** RECORDS follows **

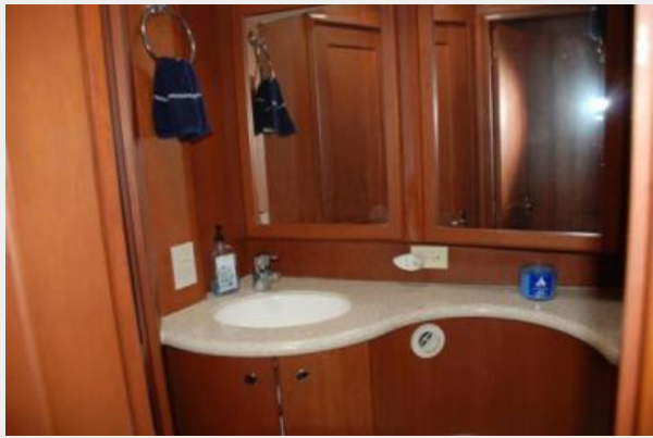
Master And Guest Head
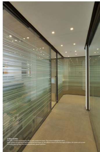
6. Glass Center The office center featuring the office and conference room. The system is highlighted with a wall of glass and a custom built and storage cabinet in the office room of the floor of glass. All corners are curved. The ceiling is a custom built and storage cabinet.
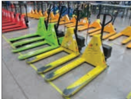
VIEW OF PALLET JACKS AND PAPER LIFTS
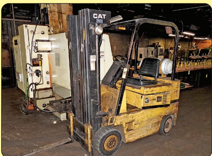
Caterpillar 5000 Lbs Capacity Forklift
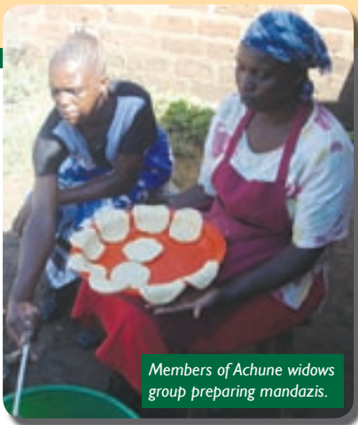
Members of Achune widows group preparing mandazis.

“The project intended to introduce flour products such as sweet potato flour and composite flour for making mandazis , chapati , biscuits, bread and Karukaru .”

** End of RECORDS **
** RECORDS follows **

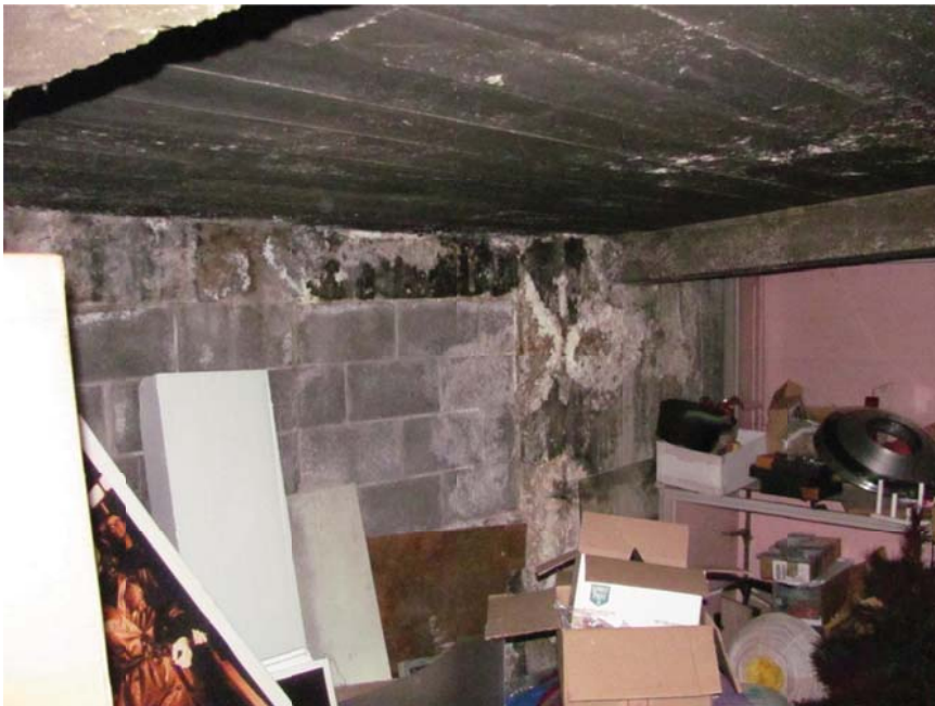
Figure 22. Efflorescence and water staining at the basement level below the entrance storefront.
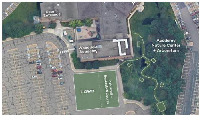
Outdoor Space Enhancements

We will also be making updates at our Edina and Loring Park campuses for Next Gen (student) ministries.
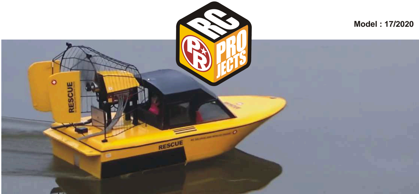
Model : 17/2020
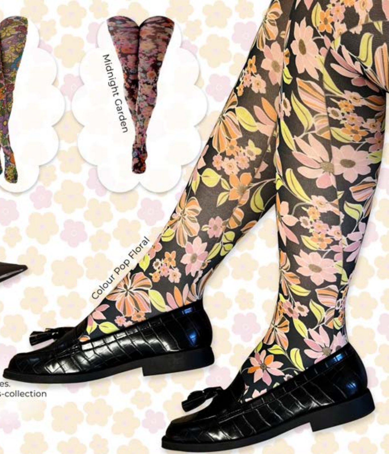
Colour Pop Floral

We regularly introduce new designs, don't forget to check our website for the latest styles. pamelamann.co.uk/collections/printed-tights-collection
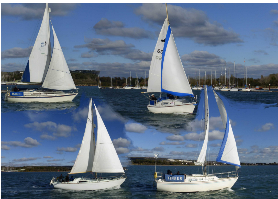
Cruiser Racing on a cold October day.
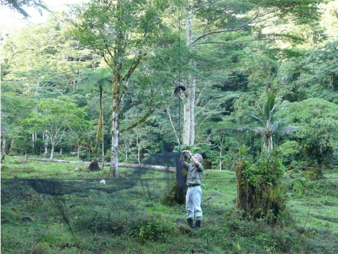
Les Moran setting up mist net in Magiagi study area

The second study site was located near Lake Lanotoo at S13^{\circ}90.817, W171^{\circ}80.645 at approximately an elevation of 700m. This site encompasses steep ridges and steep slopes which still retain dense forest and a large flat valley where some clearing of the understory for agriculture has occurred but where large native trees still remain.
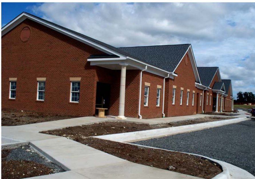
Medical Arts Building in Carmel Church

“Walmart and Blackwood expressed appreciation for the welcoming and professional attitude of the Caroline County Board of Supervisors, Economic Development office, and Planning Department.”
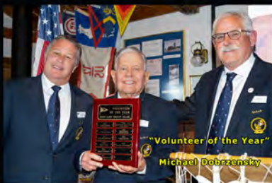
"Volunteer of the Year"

** End of RECORDS **
** RECORDS follows **

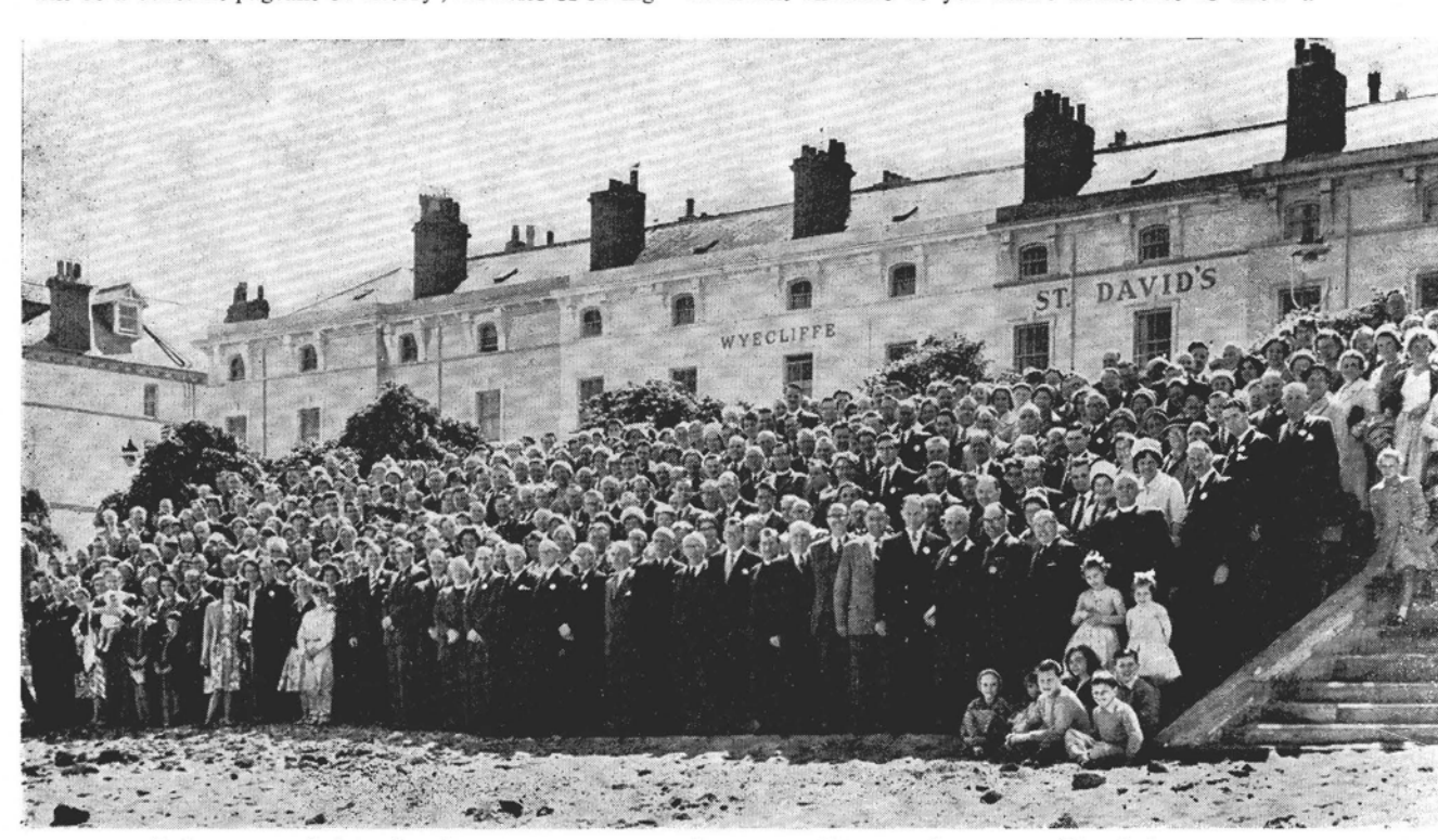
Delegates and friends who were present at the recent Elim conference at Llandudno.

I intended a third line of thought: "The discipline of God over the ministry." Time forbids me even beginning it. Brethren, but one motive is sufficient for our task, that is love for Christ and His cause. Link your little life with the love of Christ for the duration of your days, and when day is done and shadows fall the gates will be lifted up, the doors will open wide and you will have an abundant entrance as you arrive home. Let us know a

** End of RECORDS **

All that should appear in the answer is the lines above from the line with "Figure 22. Efflorescence" through the line with "Model : 17/2020", retyped exactly, pictures left out.

ANSWER SECTION -
Figure 22. Efflorescence and water staining at the basement level below the entrance storefront.
Outdoor Space Enhancements

We will also be making updates at our Edina and Loring Park campuses for Next Gen (student) ministries.
Model : 17/2020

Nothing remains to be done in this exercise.